Implications for Practice
Md Yusof observed: “We need more data from the investigators regarding which SLE features responded best to mTOR pathway inhibition with sirolimus. We also need a global trial to improve generalizability of the results.”
Should these data be reproducible, “I could see that this therapy may be used in patients with active moderate-to-severe nonrenal disease who have failed to respond to one conventional immunosuppressant, that is prior to biologics,” Md Yusof said.
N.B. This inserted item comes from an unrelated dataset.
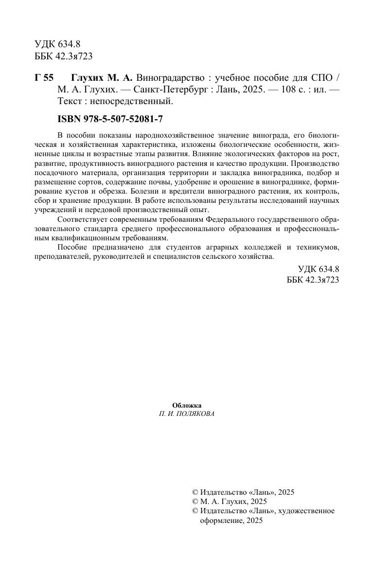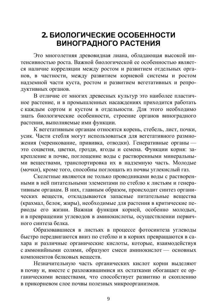 В пособии показаны народнохозяйственное значение винограда, его биологическая и хозяйственная характеристика, изложены биологические особенности, жизненные циклы и возрастные этапы развития. Влияние экологических факторов на рост, развитие, продуктивность виноградного растения и качество продукции. Производство посадочного материала, организация территории и закладка виноградника, подбор и размещение сортов, содержание почвы, удобрение и орошение в винограднике, формирование кустов и обрезка. Болезни и вредители виноградного растения, их контроль, сбор и хранение продукции. В работе использованы результаты исследований научных учреждений и передовой производственный опыт. Соответствует современным требованиям Федерального государственного образовательного стандарта среднего профессионального образования и профессиональным квалификационным требованиям. Пособие предназначено для студентов аграрных колледжей и техникумов, преподавателей, руководителей и специалистов сельского хозяйства.

“[Sirolimus] may also be used in patients who have failed to respond to B-cell depleting agents and may be suitable for those with T-cell driven features, including mucocutaneous disease, arthritis, serositis, and cytopenia.”
The drug may also be considered “for patients who prefer oral therapy and in countries where access to biologics is restricted due to cost,” he said.
The study was independently supported by the Beijing Municipal Science & Technology Commission. The study drug and placebo were provided by the North China Pharmaceutical Group Corporation. Li and fellow investigators declared having no conflicts of interest.
Md Yusof reported receiving consulting fees from Aurinia Pharmaceuticals, UCB, and Autolus; advisory board participation for GlaxoSmithKline and Novartis; and receiving speaker fees from Alumis, CSL Vifor, Grifols, Novartis, Roche, and UCB.
Sara Freeman, BSc, MSc, is a freelance medical journalist based in London, England. She has been reporting for specialist healthcare news organizations for more than 20 years.